Enrique Santiago a également critiqué le fait que « le gouvernement de la ville autonome » de Ceuta, dirigé par Juan Vivas (PP), « n'y travaille pas pour le bien de la population », mais « suit exclusivement les indications du Parti populaire et de Vox pour mener une campagne électorale permanente basée sur les discours de haine et la discrimination ».
« Quand on commence par ces discours, la situation se termine très mal », a prévenu le député de l'IU, qui a évoqué à ce moment-là « la chaîne systématique d'incendies » qui ont lieu « chaque nuit à Ceuta », ainsi que la « multiplication des attaques racistes » qui « ne peuvent pas être autorisées », car « des siècles de coexistence des quatre cultures à Ceuta sont en danger », a-t-il ajouté.
« C'est pourquoi nous avons été très énergiques et avons demandé au président du gouvernement de faire la faveur de faciliter et d'approuver les transferts vers la péninsule, non pas pour que personne ne reste ici, mais pour que soient traitées les procédures de protection internationale, le regroupement des mineurs, le cas échéant, ou l'expulsion et le retour des immigrants », a résumé Enrique Santiago.
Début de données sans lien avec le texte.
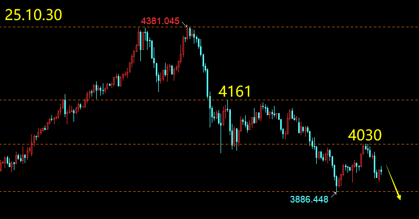 黄金,大趋势接连续分析所述,目前价格处于自4381阶段高点确认后的下行周期,首轮抛售至4004,周初二轮抛售下破4004至3887反弹;周三拉高4030后凌晨美联储降息落定,价格回落3915;日图录得实体大阴,K线组合呈空头排列,后市延续看跌,目标回看3887及下方空间;
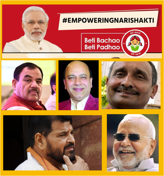 चाल, चरित्र, चेहरा जैसे अनुप्रास अलंकारों का प्रयोग भारतीय जनता पार्टी को खासा भाता है और संस्कार की बात करते राष्ट्रीय स्वयंसेवक संघ थकता नहीं. कर्नाटक में भाजपा विधायक द्वारा बलात्कार और दूसरे जघन्य अपराधों के बाद ‘टीम हरकारा’ ने 2014 से अब तक उन भाजपा नेताओं की लिस्ट बनाई है, जिन पर बलात्कार, यौन शोषण, और इससे संबंधित गंभीर अपराधों के आरोप लगे हैं. इनमें सांसद, विधायक, और पूर्व मंत्री जैसे महत्वपूर्ण पदों पर आसीन व्यक्ति शामिल हैं. पार्टी की प्रतिक्रिया इन मामलों में भिन्न रही है; कुछ हाई-प्रोफाइल मामलों में निलंबन और निष्कासन जैसे कदम उठाए गए हैं.
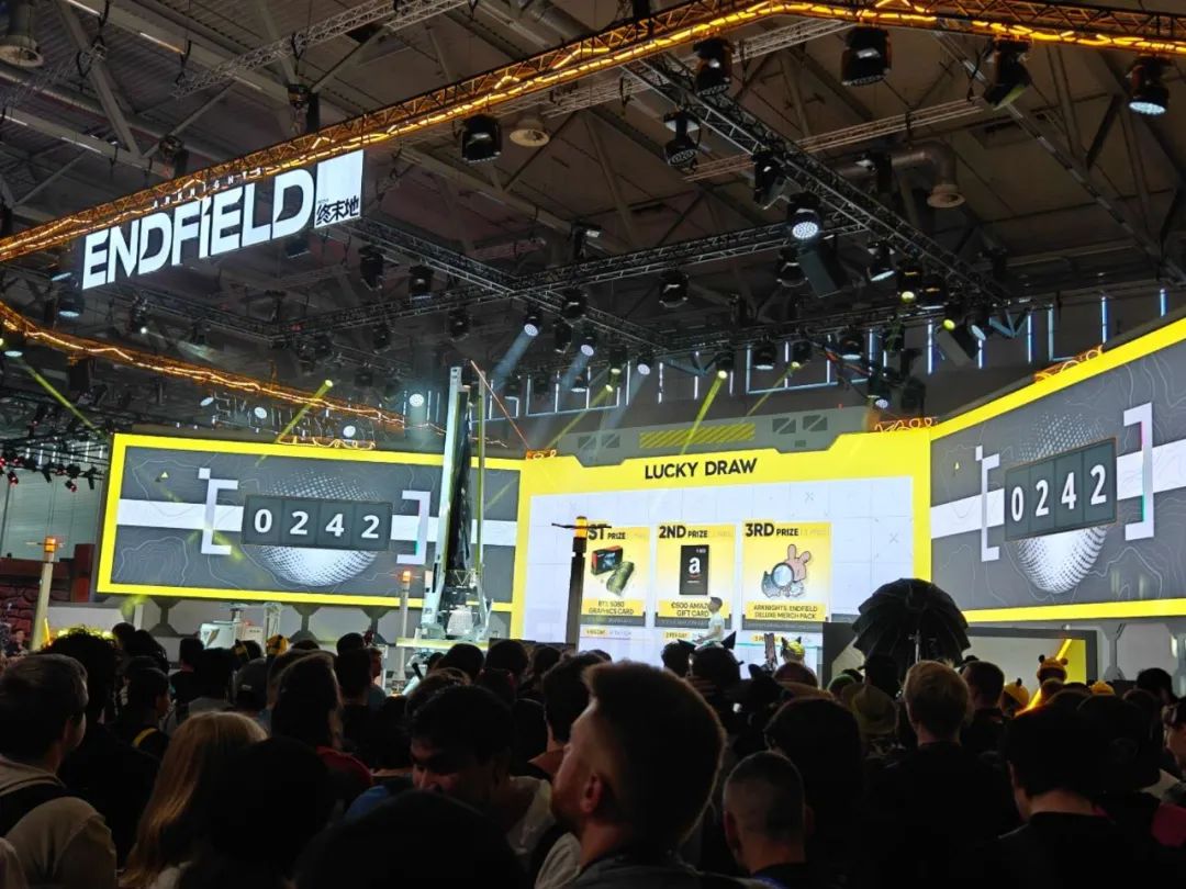 從這一點來説,就像前面提到的,鷹角今年用《明日方舟》的“線下沉浸展”,迭代了原本行業內常見的“粉絲嘉年華”,《明日方舟:終末地》這次的展台也不止是跳出了自身的二遊框架,放眼整個Gamescom來説,像這樣做工精細的“動態奇觀”,也肯定算得上頂尖佈景。不出風頭都難。
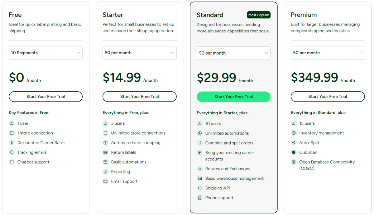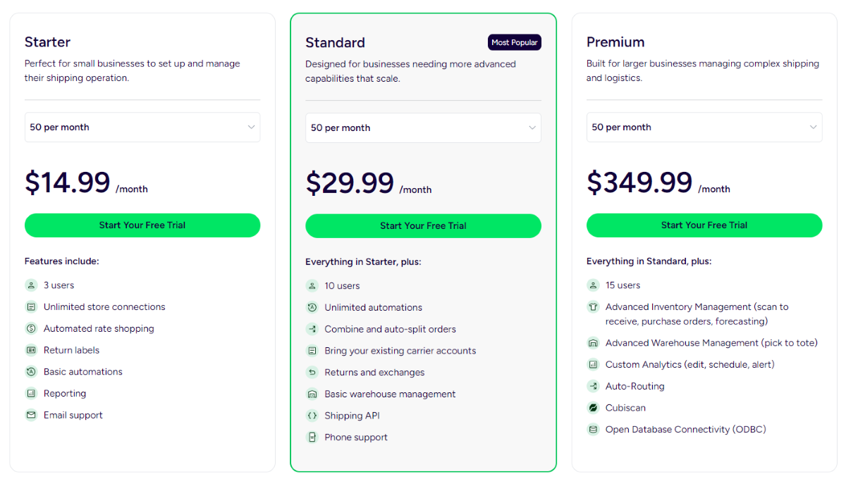 Ecommerce companies of all sizes are part of their target market, particularly those in need of efficient multi-channel shipping solutions. The pricing for this ecommerce shipping software starts at $29.99/month for up to 1000 shipments and scales up to $99.99/month for up to 7,500 shipments. Options for small businesses and custom programs for enterprises are also available—they are a Starter Plan for $9.99/month (50 shipments) and a High-Volume Plan for $399.99/month (unlimited). Additional capabilities like multi-user access and branded shipping choices are available at higher tiers of ShipStation’s price structure.
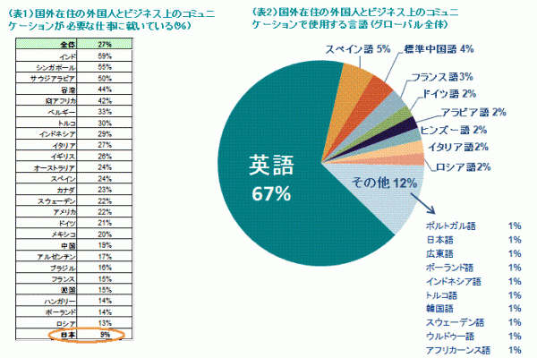今回の調査で、対象国26カ国のビジネスマンの10人に3人が「国外に在住する外国人とのコミュニケーションが必要な仕事に就いている」と回答した。その比率がもっとも高かったのはインドで59%であった。シンガポール(55%)、サウジアラビア(50%)、香港(44%)、南アフリカ(42%)がそれに続いた。日本は9%で対象国中で最下位であった。日本のほかに比率が低い国はロシア(13%)、ポーランド(14%)、ハンガリー(14%)などであった。全体で見ると外国人とのコミュニケーションが必要なビジネスマンの特徴は、高学歴(38%)で、世帯年収が高く(33%)、35歳以下(31%)との結果が出た。
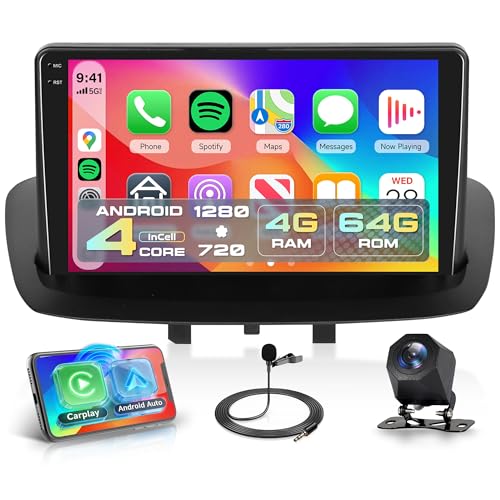 4G+128G Android Autoradio pour Renault Megane 3 Export 2009-2014 9'' Écran in-Cell Stereo Auto avec Carplay Android Auto sans Fil Mirror Link GPS Navi Bluetooth WiFi FM/RDS/EQ SWC Caméra Recul

APRÈS LA DÉMISSION DU CHEF DE Cabinet DU DÉLÉGUÉ DU GOUVERNEMENT
D'autre part, interrogé par les journalistes sur la démission de l'actuel chef de cabinet du délégué du Gouvernement à Ceuta, Gonzalo Sanz, le député de Sumar a souligné que son groupe veut savoir « pourquoi il n'y a pas eu de rapports clairs » et « plus sérieux » du Centre National de Renseignement (CNI) qui mettait en garde contre la possible entrée massive d'immigrés comme celle survenue à Ceuta, car « il n'est pas grave que la seule information du CNI soit un WhatsApp dans des termes qui ressemblent à un bar-bar ». il a ajouté.
« Deuxièmement, nous voulons savoir exactement à qui ces rapports ont été transmis, même s'ils étaient lacunaires », a expliqué Santiago avant d'avertir que « s'il n'y a pas eu d'effort pour transmettre ces rapports, il doit y avoir des responsabilités, et si ces rapports ont été communiqués et que les décisions correspondantes n'ont pas été prises, il faut aussi prendre des décisions ».
Le représentant d'IU et Sumar a souligné que sa coalition avait déclaré « dès le début » de cette crise qu'elle estimait qu' »il y avait beaucoup de désintérêt de la part de niveaux importants de l'administration de l'État à empêcher un événement comme celui-ci, et qu'il devait y avoir des responsabilités », a-t-il affirmé avant d'appeler à connaître « le résultat » des « enquêtes » lancées, même s'il a estimé que d'après ce qui a été connu après la déclassification des documents du CNI, on peut comprendre que « au moins » dans cette affaire le centre de renseignement fonctionnait « très mal ».